When Sol had looked at linear-feedback shift registers, the first big thing he’d managed to understand was their repetition periods. And with nonlinear ones he put most of his effort into trying to understand the same thing. He collected all sorts of experimental data. He told me he even tested sequences of length 2^{45}—which must have taken a year. He made summaries, like the one below (notice the visualizations of sequences, shown as oscilloscope-like traces). But he never managed to come up with any kind of general theory as he had with linear-feedback shift registers.

It’s not surprising he couldn’t do it. Because when one looks at nonlinear-feedback shift registers, one’s effectively sampling the whole richness of the computational universe of possible simple programs. Back in the 1950s there were already theoretical results—mostly based on Turing’s ideas of universal computation—about what programs could in principle do. But I don’t think Sol or anyone else ever thought they would apply to the very simple—if nonlinear—functions in NFSRs.

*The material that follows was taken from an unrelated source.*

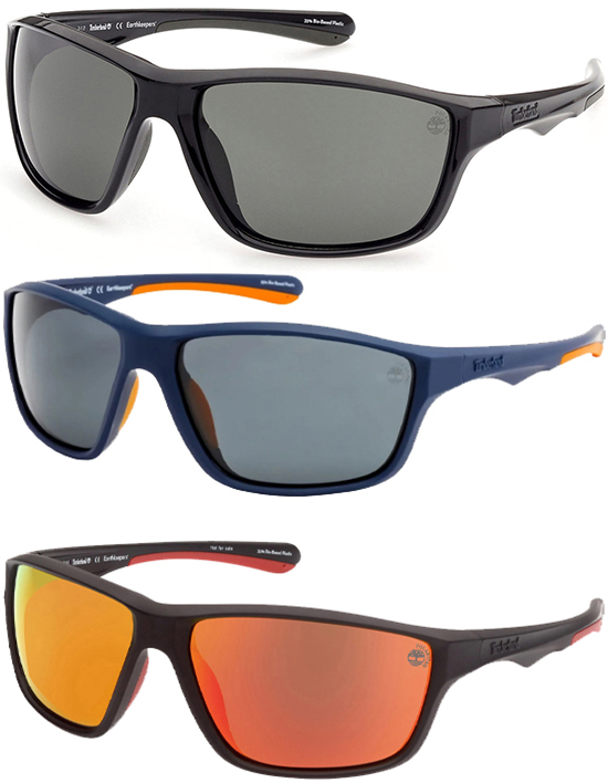 The TB9246 from Timberland features a sporty wrap design made from eco-conscious 35% bio-based injected plastic. Rubberized nose pads and inner temple tips ensure non-slip comfort. Fitted with polarized lenses that cut glare and provide 100% UV protection from the sun's rays. Branding at temples with tree logo on upper left lens.
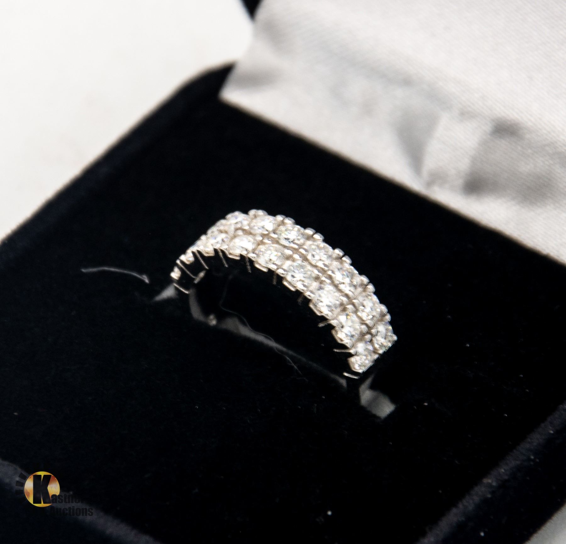 MOISSANITE STONE VVS D COLOR WITH THE 18 STONES SET IN 925 SILVER RETAIL VALUE $900.00 RING SIZE 6 **ALL ITEMS MUST BE REMOVED BY 5PM SATURDAY, DECEMBER 7TH 2024. ALL REMAINING ITEMS WILL BE SUBJECT TO A $6.00 PER DAY STORAGE CHARGE. ANY ITEMS REMAINING AFTER MONDAY, DECEMBER 23RD 2024 WILL BE CONSIDERED FORFEITED. NO REFUNDS WILL BE ISSUED FOR FORFEITED ITEMS. TO SCHEDULE A PICK UP APPOINTMENT CLICK HERE

And in the end it basically took until my work around 1981 for it to become clear just how complicated the behavior of even very simple programs could be. My all-time favorite example is rule 30—a cellular automaton in which the values of neighboring cells are combined using a function that can be represented as *p*+*q*+*r*+*qr* mod 2 (or *p* XOR (*q* OR *r*)). And, amazingly, Sol looked at nonlinear-feedback shift registers that were based on incredibly similar functions—like, in 1959, *p*+*r*+*s*+*qr*+*qs*+*rs* mod 2. Here’s what Sol’s function (which can be thought of as “rule 29070”), rule 30, and a couple of other similar rules look like in a shift register:

And here’s what they look like as cellular automata, without being constrained to a fixed-size register:

Of course, Sol never made pictures like this (and it would, realistically, have been almost impossible to do so in the 1950s). Instead, he concentrated on a kind of aggregate feature: the overall repetition period.

Sol wondered whether nonlinear-feedback shift registers might make good sources of randomness. From what we now know about cellular automata, it’s clear they can. And for example the rule 30 cellular automaton is what we used to generate randomness for Mathematica for 25 years (though we recently retired it in favor of a more efficient rule that we found by searching trillions of possibilities).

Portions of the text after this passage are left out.